Parameters:lonlatbox (tuple(float)) –

The longitude and latitude box with four entries as degree. The entries are handled in the following way:

(left/west, top/north, right/east, bottom/south)
Returns:sliced_array – The sliced data array with the new grid.
Return type:xarray.DataArray

Notes

For some grids the new grid is based on an UnstructuredGrid, due to technical limitations.

selpoint(lonlat)[source]

Select a longitude, latitude point within this DataArray. A new lonlat grid with a single point is created.

Parameters:lonlat (tuple(float)) – The longitude and latitude point as degree. The nearest neighbour point to this given coordinate pair is used.
Returns:sliced_array – The sliced data array with the data for the nearest neighbour point to the given coordinates.
Return type:xarray.DataArray
set_grid(grid=None)[source]

Set the grid to the given grid and set the grid coordinates. It is assumed that the last n dimensions (n=1 for unstructured grid, n=2 all other grids) are the grid coordinates. Please make sure that this assumption is fulfilled!

Parameters:grid (Grid or None, optional) – This grid is used to set the grid and the grid coordinates of the returned array. If this is None, the grid of this DataArray instance is used. Default is None.
Returns:gridded_array – The DataArray with the grid coordinates and the grid.
Return type:xarray.DataArray
Raises:ValueError – A ValueError is raised if the grid of this instance is used and not grid set.
to_pandas(lonlat=None)[source]

Transform the DataArray to Pandas based on given coordinates. If coordinates are given this method selects the nearest neighbour grid point to this coordinates. The data is flatten to a 2d-DataFrame with the time as row axis.

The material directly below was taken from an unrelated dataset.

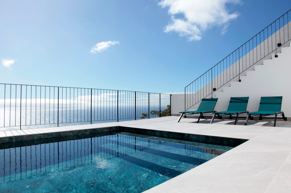 Meu Pé de Cacau is a tropical fruit garden surrounded by dramatic cliffs to the north-east and the vast Atlantic Ocean to the south-west. Four beautifully designed and sustainably built studios share the property with an infinity pool, social areas and luxurious plantations hosting hundreds of different tropical fruits, planted on traditional agricultural terraces hand crafted in basalt stone.
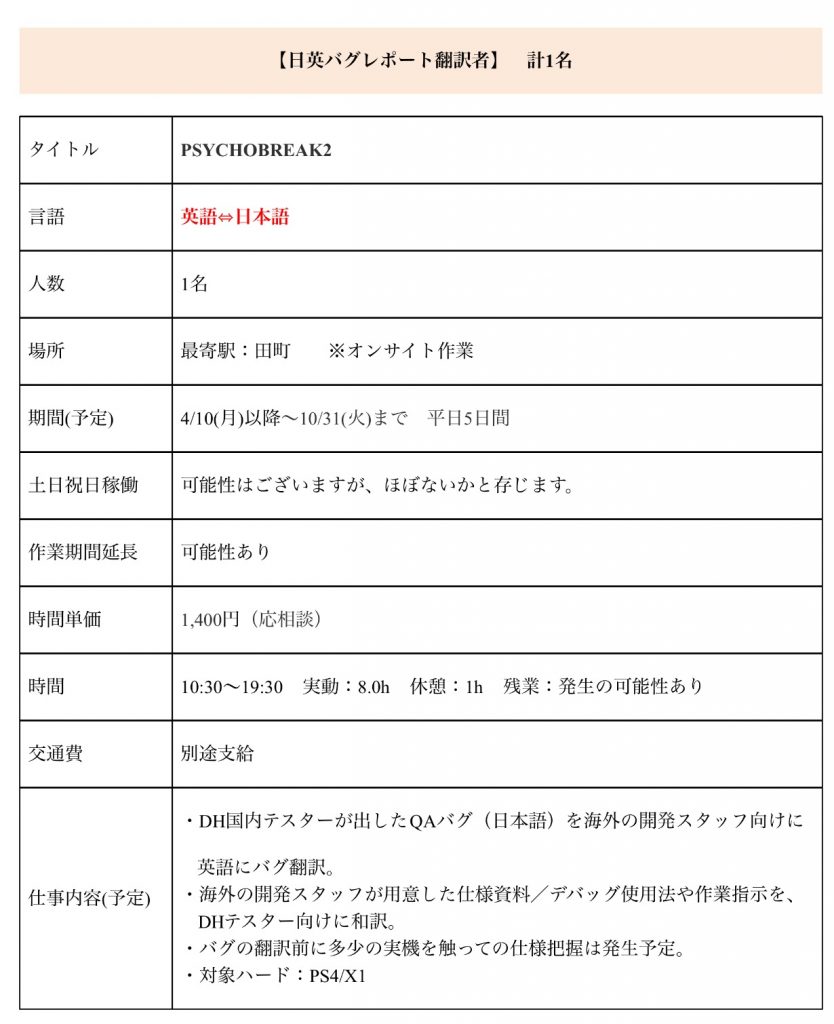 Il semblerait donc que le succès de The Evil Within ait motivé Tango Gameworks et Bethesda a se lancer dans la production d’un nouvel opus, puisque l’on a découvert aujourd’hui une offre d’emploi pour un certain Psycho Break 2. Pour rappel, Psycho Break n’est ni plus, ni moins que le nom nippon de The Evil Within. Ainsi, l’offre d’emploi, publiée en japonais et que vous pouvez retrouver ci-dessous, concerne le poste de traducteur et de bug reporting. Etant donné que le prochain titre à venir de Tango Gameworks est en développement depuis 2 ans, il est fort probable que l’on en entende parler cette année et qu’il s’agisse de ce fait, de The Evil Within 2

Parameters:lonlat (tuple(float, float) or None) – The nearest grid point to this coordinates (longitude, latitude) is used to generate the pandas data. If lonlat is None no coordinates will be selected and the data is flatten. If the horizontal grid coordinates are not a single point it is recommended to set lonlat.
Returns:extracted_data – The extracted pandas data. The data is based on either a Series (1 Column) or Dataframe (multiple column) depending on the dimensions.
Return type:pandas.Series or pandas.DataFrame
update(*items)[source]

The update routine could be used to update the DataArray, based on other DataArrays. There are some assumptions done:

1. The used data to update this DataArray instance has the same grid coordinates as this instance. 2. Beginning from the left the given items are used to update the data. Such that intersection problems are resolved in favor of the newest data.
Parameters:items (xarray.DataArray) – The items are merged with this xarray.DataArray instance. The grid dimensions have to be same as the grid.
Returns:merged_array – The DataArray instance with the updated data.
Return type:xarray.DataArray

Utilities module

pymepps.accessor.utilities.register_dataframe_accessor(name)[source]

Register a custom accessor on pandas.DataFrame objects.

Parameters:name (str) – Name under which the accessor should be registered. A warning is issued if this name conflicts with a preexisting attribute.
pymepps.accessor.utilities.register_series_accessor(name)[source]

Register a custom accessor on pandas.Series objects.

Parameters:name (str) – Name under which the accessor should be registered. A warning is issued if this name conflicts with a preexisting attribute.